### WORK ITEM
All of the listing should be returned as written, apart from any picture in it.

### DATA SHOWN
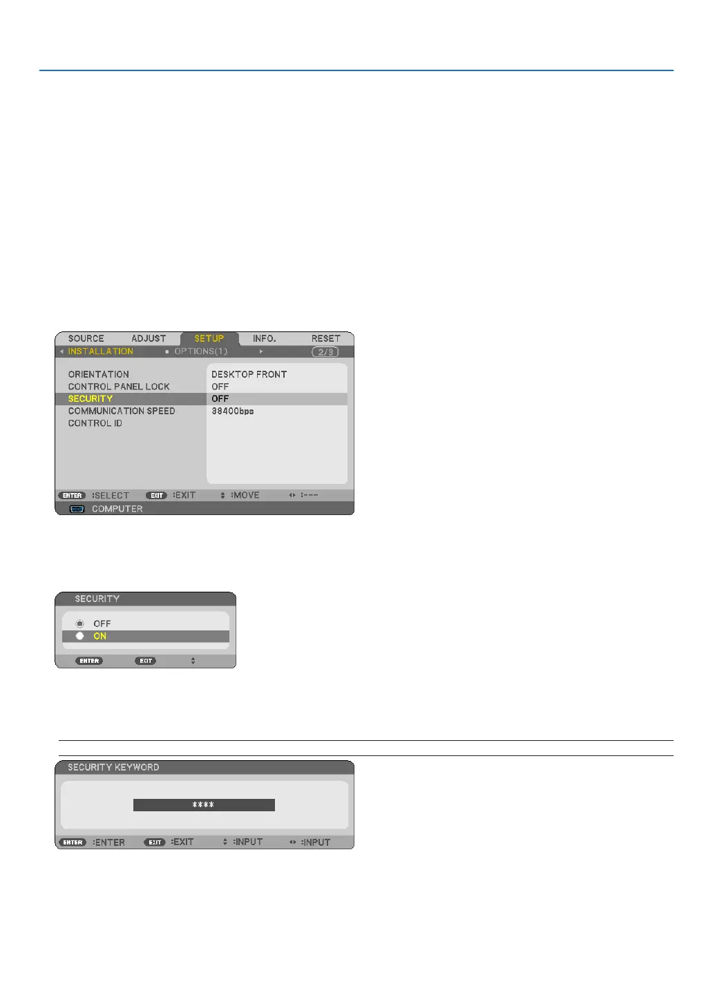 4. Press the button three times to select [SECURITY] and press the ENTER button.
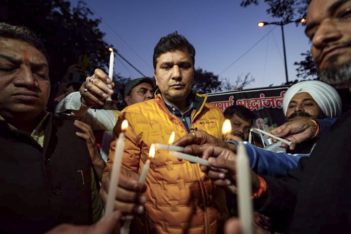 **EDS: THIRD PARTY IMAGE** In this image posted on Feb. 8, 2026, AAP's Delhi unit chief Saurabh Bharadwaj light candles with others in tribute to a biker who died after falling fell into a 15-feet deep pit dug by the Delhi Jal Board, at Janakpuri area, in New Delhi. Kamal Dhyani, an employee of a private bank in Rohini's Sector 10, was returning home on the intervening night of Thursday and Friday when he fell into a pit dug by the DJB for a sewer pipeline restoration project. (@AAPDelhi/X via PTI Photo) (PTI02_08_2026_000635B)
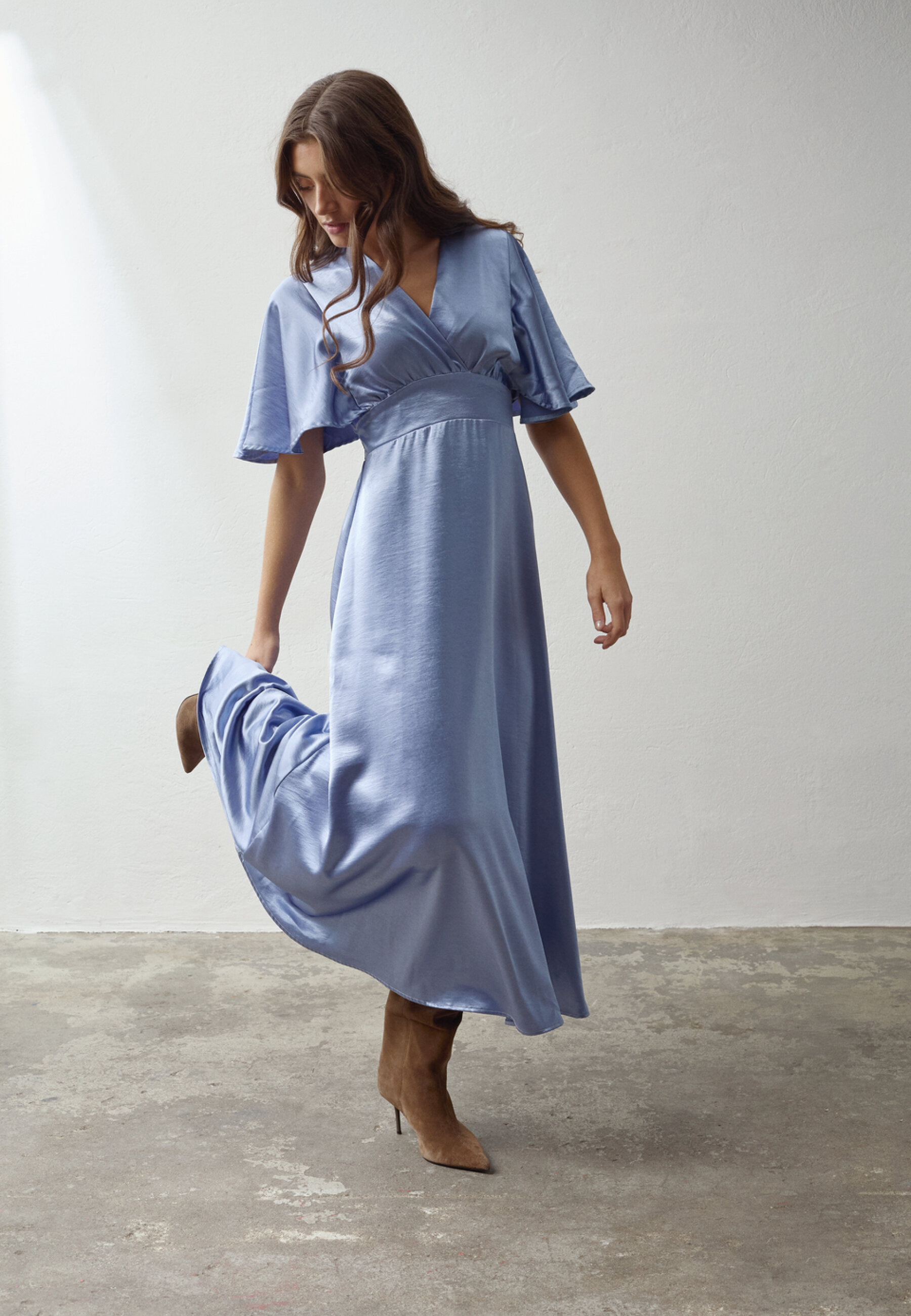 GISELA-DR16 er en elegant, lang kjole i en glat, skinnende kvalitet. Kjolen har en flatterende V-halsudskæring med slå-om-effekt, korte flagermusærmer og en bred linning i taljen, der giver en smuk silhuet. Modellen har en str. S på
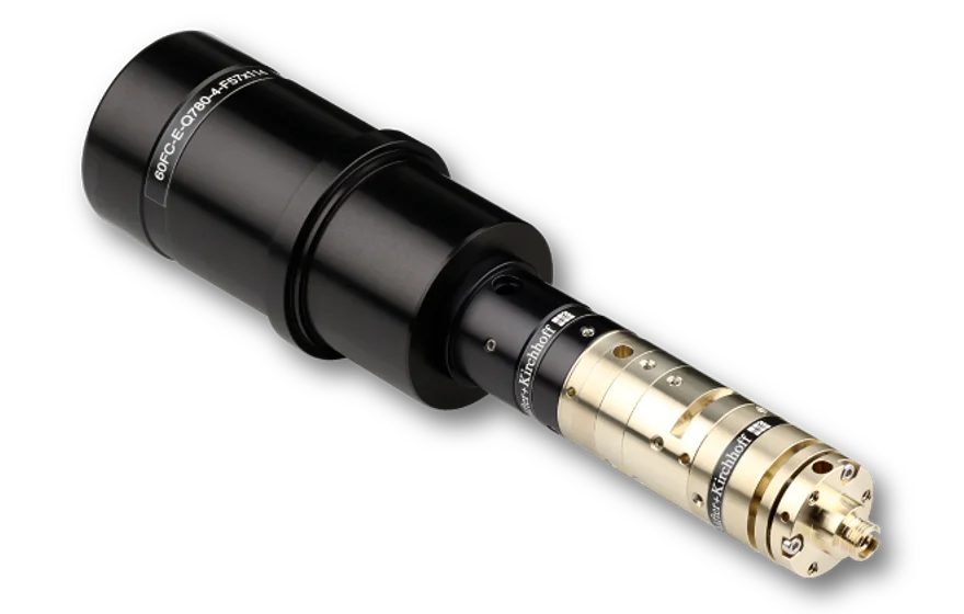 All fiber collimators of seris 60FC-E are aligned for the specified wavelength.In case of need you can change the distance between fiber end-face and the first collimating optics by means of an eccentric key. The lens does not rotate when adjusting the focus in both cases. The final focus setting is locked by means of two radially arranged clamping screws. Additionally attachment optics can be mounted to the front of the collimator.

### SOLUTION BELOW
 4. Press the button three times to select [SECURITY] and press the ENTER button.
 **EDS: THIRD PARTY IMAGE** In this image posted on Feb. 8, 2026, AAP's Delhi unit chief Saurabh Bharadwaj light candles with others in tribute to a biker who died after falling fell into a 15-feet deep pit dug by the Delhi Jal Board, at Janakpuri area, in New Delhi. Kamal Dhyani, an employee of a private bank in Rohini's Sector 10, was returning home on the intervening night of Thursday and Friday when he fell into a pit dug by the DJB for a sewer pipeline restoration project. (@AAPDelhi/X via PTI Photo) (PTI02_08_2026_000635B)
 GISELA-DR16 er en elegant, lang kjole i en glat, skinnende kvalitet. Kjolen har en flatterende V-halsudskæring med slå-om-effekt, korte flagermusærmer og en bred linning i taljen, der giver en smuk silhuet. Modellen har en str. S på
 All fiber collimators of seris 60FC-E are aligned for the specified wavelength.In case of need you can change the distance between fiber end-face and the first collimating optics by means of an eccentric key. The lens does not rotate when adjusting the focus in both cases. The final focus setting is locked by means of two radially arranged clamping screws. Additionally attachment optics can be mounted to the front of the collimator.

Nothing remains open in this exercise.